At the SPL's your listening at your not going to hear any high end sparkle gmonk, trust me. 20,000hz really is only for people who have perfect hearing, aren't driving a car and DON'T have the substage playing over a blended level.. At 150db's+ all you need is up to 12k to get a full balanced sound. This all being said, you need to use a horn body.. Just the compression drives themselves aren' 109db/1w/1m.. Most CD are like mid to upper 90's when not mounted on a horn.. If your going to mount them to a good sized horn you won't need 4 sets.. It's kinda like using a sealed box vs ported. Your wasting money and space by not just mounting them to a horn to get their real potential.

What's your substage going to consist of?


----------



## galacticmonkey (Apr 28, 2010)

This is the body I was planning on using, due to depth reasons. Will be paired with 2 10" Deltas and a 15" Delta per door. 

Currently, the sub is just a single 15" BTL.


----------



## minbari (Mar 3, 2011)

A pair of horns on 5w will be louder than you can stand

Sent from my phone using digital farts


----------



## thehatedguy (May 4, 2007)

Go with the D2500s. Excellent drivers...not that the D220s are bad, just they are a tad large and the 2500s are that much better.


----------



## galacticmonkey (Apr 28, 2010)

Wow, I fail at live. Must have been paying more attention to the crap I was taking then posting links. Heres the horn bodies that I plan on using.

Selenium HM11-25 1" Exponential Horn 60x60 1-3/8"-18 TPI 264-306

And nah, Im trying to get the loudest highs around here in Florida. Just got an Excursion and want it to be the baddest around. Wont be right away, but once I do up the front of the wall and the back of the wall, should be good

This is my main competition. He is a guy about 2 hours away, over in Orlando. There is also a guy with 16 10" Beymas on a Soundigital 16k thats pretty loud too.

http://www.youtube.com/watch?v=toJa71_cvSw


----------



## minbari (Mar 3, 2011)

Where are you going to mount those? They are 3" deep before you add the driver

Sent from my phone using digital farts


----------



## galacticmonkey (Apr 28, 2010)

In the doors, near the middle, just below the handle. This is all to scale. Thats 2 10s in the rear and a 15 up front. The cardboard square is 4.5" x 4.5", the same size as the horn body.


----------



## minbari (Mar 3, 2011)

Are you building it out?. That horn with the driver on it is prolly more than 5"deep. You have that much depth with out hitting the window? Same for the 15"
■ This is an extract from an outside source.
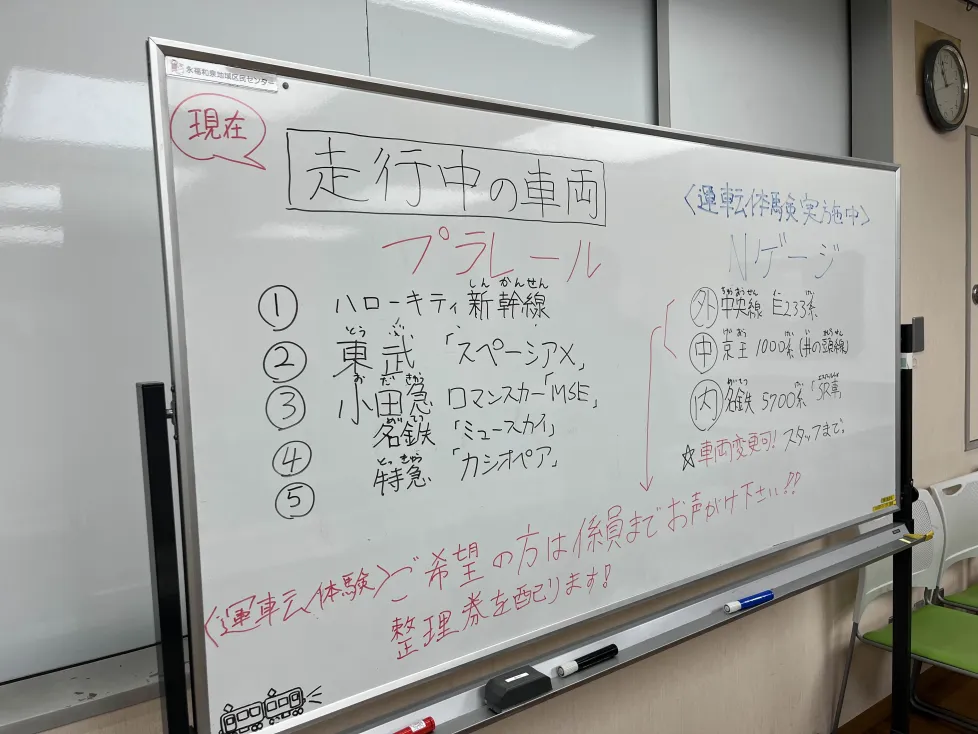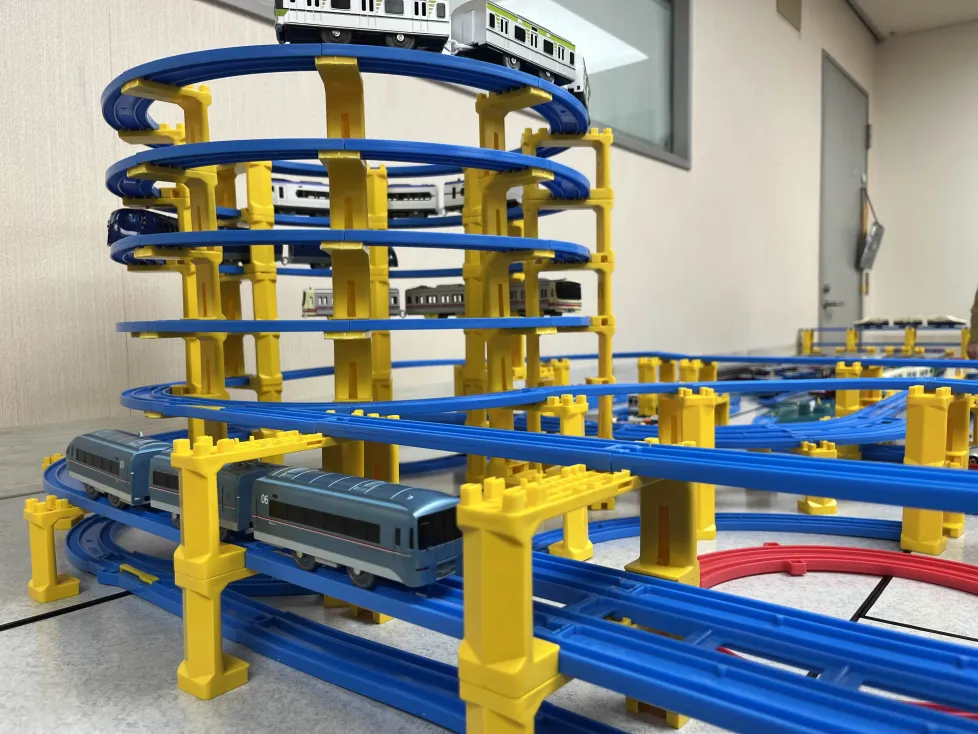 当日はあいにくの雪でしたが、会場ではプラレールの展示やNゲージの運転体験などを催し、大好評を得ました。
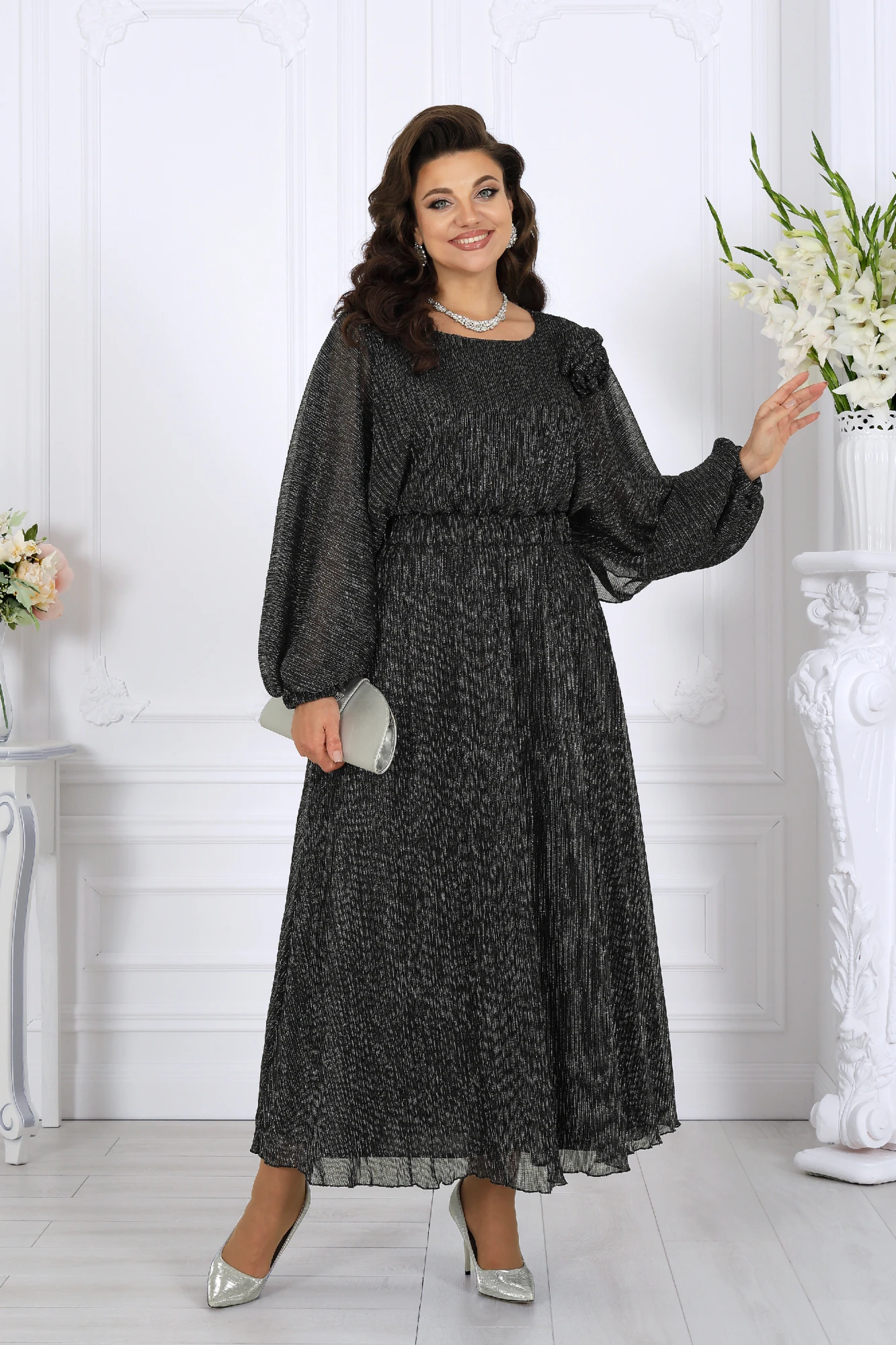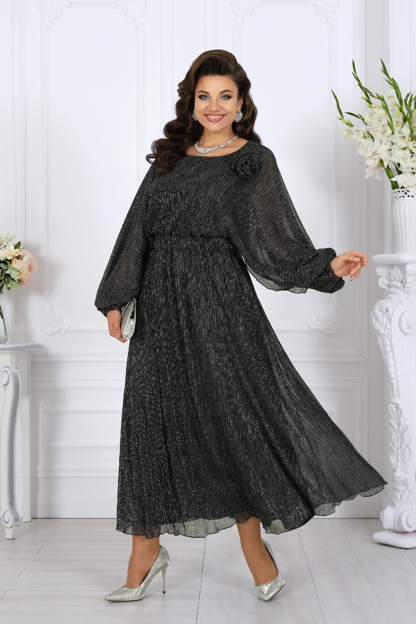 Платье женское, приталенного силуэта, выполнено из сетки-гофре с нитью «люрекс». Модель на трикотажной подкладке, без застежки и плечевых накладок. Платье отрезное по линии талии, со свободным лифом и расширенной к низу юбкой. Для лучшего прилегания в области талии в отрезном поясе предусмотрена эластичная лента, вставленная по всей длине. Лиф цельнокроеный с рукавами, без боковых швов -- с разрезами от талии до манжет. Для регулирования длины рукава внутрь манжеты протянута эластичная лента. Горловина округлая, окантована узкой косой бейкой из основного материала. Платье дополнено съемным «цветком» з основного полотна.

Sent from my phone using digital farts


----------



## Horsemanwill (Jun 1, 2008)

with that sig you should post over here

DIYMA - SPL Forum - DIYMA Car Audio Forum


----------



## galacticmonkey (Apr 28, 2010)

minbari said:


> Are you building it out?. That horn with the driver on it is prolly more than 5"deep. You have that much depth with out hitting the window? Same for the 15"
> 
> Sent from my phone using digital farts[/QUOTE
> 
> ...


----------



## aV8ter (Sep 4, 2009)

Have you considered running a full body horn under the dash?


----------



## treylittlefield (Dec 26, 2009)

I believe he's looking for for open type of demos, correct?

Sent from my C771 using Xparent Blue Tapatalk 2


----------